As a classics scholar Boris Johnson, the United Kingdom’s new prime minister, must know that those whom the gods wish to destroy they first make mad.
As a biographer of Churchill, he also must know that markets can unravel the best- laid economic plans as they did following Churchill’s ill-advised decision to return the U.K. to the gold standard in 1926 at the wrong exchange rate.
This background offers at least a glimmer of hope that Johnson might heed the very clear warnings that he is now receiving from the currency market that risking a no-deal Brexit could be a very costly proposition for his country. However, it could also very well be the case that Johnson has already dug himself into a political hole from which it will be impossible to get out.
The source of Johnson’s likely future economic and political difficulties is that, in his very first speech in office, he has tempted the gods by throwing caution to the winds. He did so by announcing that the United Kingdom will leave Europe with or without a Brexit deal on October 31 with no ifs, ands or buts.
Never mind that the Bank of England, the IMF, and the OECD have all warned that the U.K. economy could slump by at least 5 percent in the event that there were to be a no-deal Brexit. It would do so as the U.K.’s supply chains would be disrupted and as the U.K.’s access to the Single European Market would be made more difficult.
To underline that he does not fear the risk of a hard-Brexit, Johnson has appointed a Cabinet made up of a disproportionate number of hardline Brexiters. He has also drawn a number of red lines for any future Brexit deal negotiation, especially on the vexing Irish backstop issue, that his European partners are bound to reject out of hand. Knowing this, Johnson has now instructed his Cabinet to make preparations for the eventuality that the United Kingdom might indeed leave Europe without a deal on October 31.
In focusing the market’s attention on the real possibility that the U.K. could crash out of Europe on October 31, Johnson seems to have overlooked the fact that his country is now running a very large underlying external current account deficit amounting to around 4 percent of GDP. This means that, at the very time that he is taking the U.K. into uncharted economic and political waters with his no-Brexit deal gambit, the country is highly dependent on the kindness of strangers to finance its external deficit.

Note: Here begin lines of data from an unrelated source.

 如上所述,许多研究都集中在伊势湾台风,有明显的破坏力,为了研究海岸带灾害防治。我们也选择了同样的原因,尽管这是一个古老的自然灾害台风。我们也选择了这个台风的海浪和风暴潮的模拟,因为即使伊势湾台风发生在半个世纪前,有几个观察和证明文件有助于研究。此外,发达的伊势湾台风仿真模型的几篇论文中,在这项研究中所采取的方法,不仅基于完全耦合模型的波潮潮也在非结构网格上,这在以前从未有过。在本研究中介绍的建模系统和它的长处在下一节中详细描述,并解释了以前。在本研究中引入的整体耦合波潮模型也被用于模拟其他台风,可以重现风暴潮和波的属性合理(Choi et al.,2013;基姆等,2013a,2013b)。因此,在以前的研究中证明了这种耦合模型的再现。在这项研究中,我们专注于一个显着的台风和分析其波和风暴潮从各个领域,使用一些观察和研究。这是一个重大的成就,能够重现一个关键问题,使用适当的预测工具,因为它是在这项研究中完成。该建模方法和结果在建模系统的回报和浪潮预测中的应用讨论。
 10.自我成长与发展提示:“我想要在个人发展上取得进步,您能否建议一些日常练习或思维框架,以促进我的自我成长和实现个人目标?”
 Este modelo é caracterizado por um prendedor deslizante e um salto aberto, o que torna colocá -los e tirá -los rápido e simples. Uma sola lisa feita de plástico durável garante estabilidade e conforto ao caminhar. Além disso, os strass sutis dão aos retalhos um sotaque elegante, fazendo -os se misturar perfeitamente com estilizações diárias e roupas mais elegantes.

Judging by the foreign exchange market’s performance in the few days since Johnson assumed office, it would appear that the markets do no not buy Johnson’s repeated assurances that a no-deal Brexit would be a non-event for the British economy. It also appears that the market’s patience with financing the U.K.’s large external deficit is running thin. Indeed, over the last two weeks, sterling has managed to lose around 3 percent in value and now trades at its lowest level in the last two years.
With Nigel Farage’s Brexit Party breathing down his neck, it will be politically very difficult for Johnson to make a Brexit U-turn. This heightens the chances that sterling will continue its free fall to the point that it provokes a political crisis that will end in an early U.K. general election well before October 31.

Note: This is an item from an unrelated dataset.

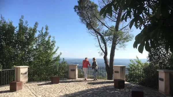 Die Altstadt von Fara Sabina ist auf jeden Fall einen Besuch wert. Zwar wirkt sie heute teils wie ausgestorben, weil viele Bewohner wegen der besseren Verkehrsanbindung nach Passo Corese gezogen sind, doch es lohnt sich, durch die blitzsauberen Gässchen zu schlendern und das Flair des mittelalterlichen Örtchens zu genießen. Vor allem aber lockt der Ort durch seine mitreißenden Panoramen ins Sabinerland auf der nördlichen und in die Tiberebene nach Rom hin im Süden. Oben im Ort angekommen, trifft man auf eine gemütliche Bar mit der Möglichkeit, draußen zu sitzen und beim Cappuccino den Blick bis nach Rom schweifen zu lassen. Sehr empfehlenswert! Für Sportler zu Rad oder zu Fuß darüber hinaus eine Anstrengung wert!

Sadly, it is far from clear that early U.K. general elections will spare the country from further economic damage and currency weakness.
In the event that Johnson were to win that election on a hard-Brexit platform, the U.K. would almost certainly crash out of Europe on October 31. If, on the other hand, Jeremy Corbyn’s Labor Party were to win that election, markets would almost certainly fret that Corbyn would lead the country back to the failed policies of the 1970s.
The net upshot is that, at a time that the European economy is already weak, it must expect to be soon hit by an economic shock coming out of the United Kingdom. That prospect is bound to have repercussions for the global economy and for world financial markets that will reach our shores. That in turn would strengthen the case for the Federal Reserve to be proactive in its interest rate policy as insurance against global economic weakness.